Stefanie O'Connell Rodriguez: But a few weeks into her treatment, coronavirus lockdowns started across the US. And hospitals, overwhelmed with the influx of COVID patients, changed their policies, and Olivia had to go through her treatments alone.

Olivia: So I've had to do five of my six rounds of chemo by myself, and it's awful. It's lonely. It's scary. It's one thing just going through the treatment itself. It's another thing when they're coming up to you and saying, "Hey, you need to stop by the accounting afterwards because they want to talk to you about your bills, and they want to talk to you about what's been approved and what's not been approved."
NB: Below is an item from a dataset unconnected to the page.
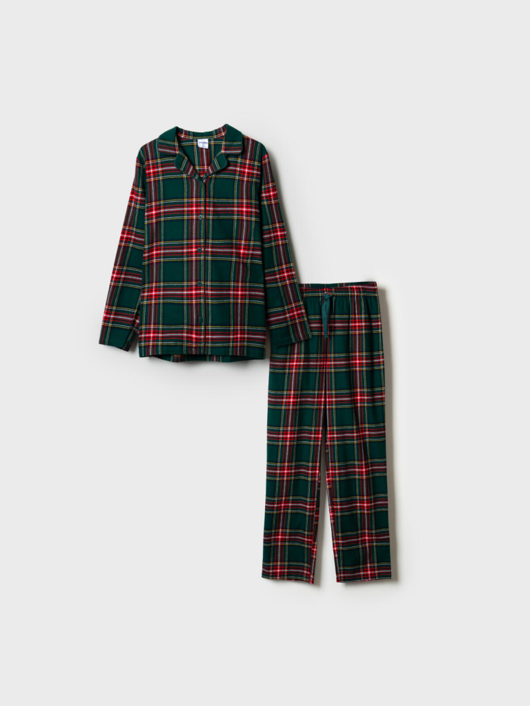 Женская фланелевая пижама в клетку от PlayToday — уютный и стильный комплект для комфортного сна и отдыха. Классический клетчатый принт в глубоких зелёно-красных тонах создаёт атмосферу уюта и уюта, а натуральный хлопок обеспечивает мягкость и тепло.Преимущества модели:+ 100% хлопок — дышащий, гигроскопичный и безопасный для кожи материал+ классический клетчатый принт — универсальный и стильный+ рубашка с отложным воротником и застёжкой на пуговицы+ брюки на мягкой резинке с завязками для регулировки посадки+ лёгкая, но плотная ткань, устойчивая к износу и многократным стиркамКогда и как носить:Подходит для сна, отдыха дома и уютных вечеров. Идеальна на осенне-зимний сезон благодаря фланели, которая сохраняет тепло и не перегревает.Совет по стилю:Сочетайте пижаму с мягким халатом и уютными тапочками PlayToday, чтобы создать полный домашний образ.Размерный ряд: S-XXL.Женская пижама PlayToday — уют, тепло и классический стиль для тех, кто ценит комфорт в каждом мгновении.

And you're exhausted. You're nauseous. I had no control over my bowel movements. Like "I'm wearing a diaper, and you want me to go talk to somebody about my bills right now? Are you kidding me?"

There's this thing where you get to ring the bell at the end of treatment, and it's like this celebration of like you're done. And the nurses gather around, and you ring the bell. It's this joyous moment of, "I'm done with chemo." When I got done with chemo, I didn't ring a bell. They said, "Please go talk to the Accounting Office. We need to talk to you about your out-of-pocket max." And I was just like, "I have just been through six months of chemo. I have no hair. I have no eyebrows. I have no eyelashes, and you want to go talk to me about money right now? And also, how did I not hit my out-of-pocket max at this point in time? Shouldn't this be done already?"

Stefanie O'Connell Rodriguez: Have you ever calculated the total cost for your care?

Olivia: Sure did. The first year was over a million dollars. Yeah.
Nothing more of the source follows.